A diabetes é uma doença crônica marcada pelo excesso de glicose no sangue, capaz de danificar vasos, órgãos e nervos ao longo do tempo. Segundo dados de 2025 da International Diabetes Federation, 11,1% dos adultos entre 20 e 79 anos vivem com a doença, o equivalente a 1 em cada 9 pessoas, e mais de 40% sequer sabem que são diabéticas, o que torna a descoberta ainda mais relevante. Durante décadas, alimentação, peso corporal e predisposição genética foram vistos como protagonistas. Agora, a ciência traz o ambiente para o centro da conversa, mostrando que o oxigênio disponível no ar pode mexer diretamente com a forma como o corpo lida com a glicose.
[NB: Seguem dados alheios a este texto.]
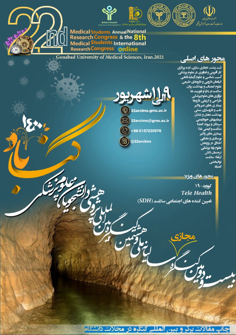 بیست و دومین کنگره سالیانه ملی و هشتمین کنگره بینالمللی پژوهشی دانشجویان علوم پزشکی بهصورت مجازی در تاریخ نهم الی یازدهم شهریورماه سال جاری به میزبانی دانشگاه علوم پزشکی گناباد برگزار میشود.
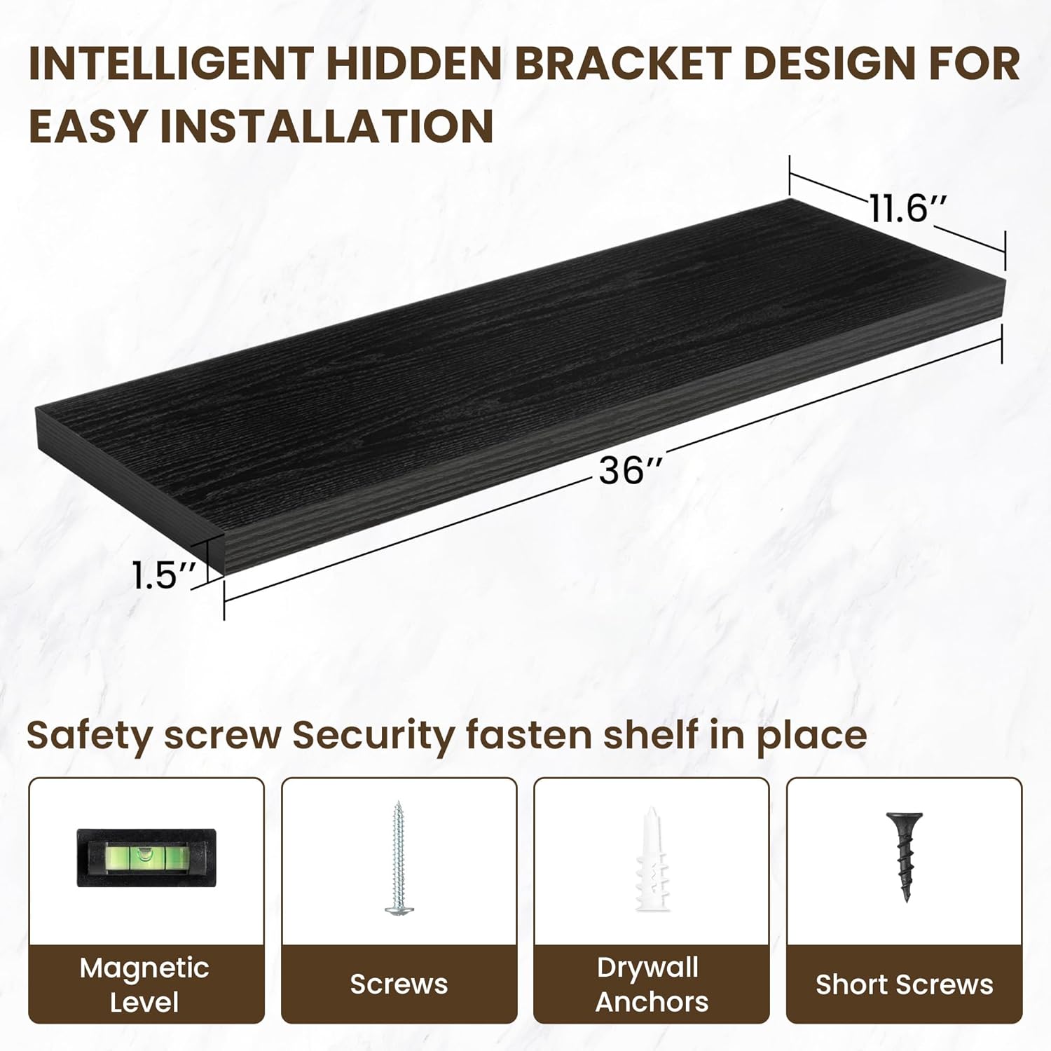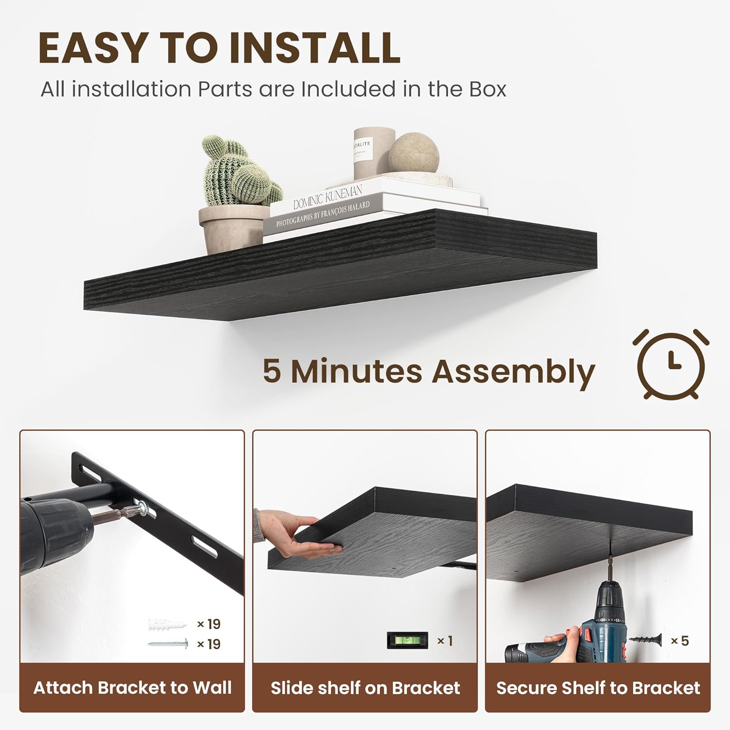 - 【Easy Installation】Designed with user convenience in mind, these shelves come with all necessary mounting hardware and clear instructions. You can have them up and ready to use in less than 5 minutes. Plus, our customer service is always ready to assist with any queries or concerns, ensuring a hassle-free experience

No novo estudo publicado na revista Cell Metabolism, cientistas do Gladstone Institutes observaram que quem vive em grandes altitudes parece ter uma proteção natural contra o diabetes. Em condições de pouco oxigênio, os glóbulos vermelhos passam a captar mais glicose da corrente sanguínea, reduzindo a glicemia de forma marcante. Essa mesma lógica foi levada para o laboratório com o medicamento experimental HypoxyStat e, em camundongos diabéticos, a ciência conseguiu reverter completamente a glicemia em modelos de diabetes experimental, algo que até então parecia restrito a abordagens focadas em insulina, fígado e músculos.
Ciência e o enigma da proteção em grandes altitudes
Há anos, estudos observacionais indicavam que moradores de regiões montanhosas tendem a apresentar taxas menores de diabetes, mas a explicação para esse fenômeno permanecia vaga.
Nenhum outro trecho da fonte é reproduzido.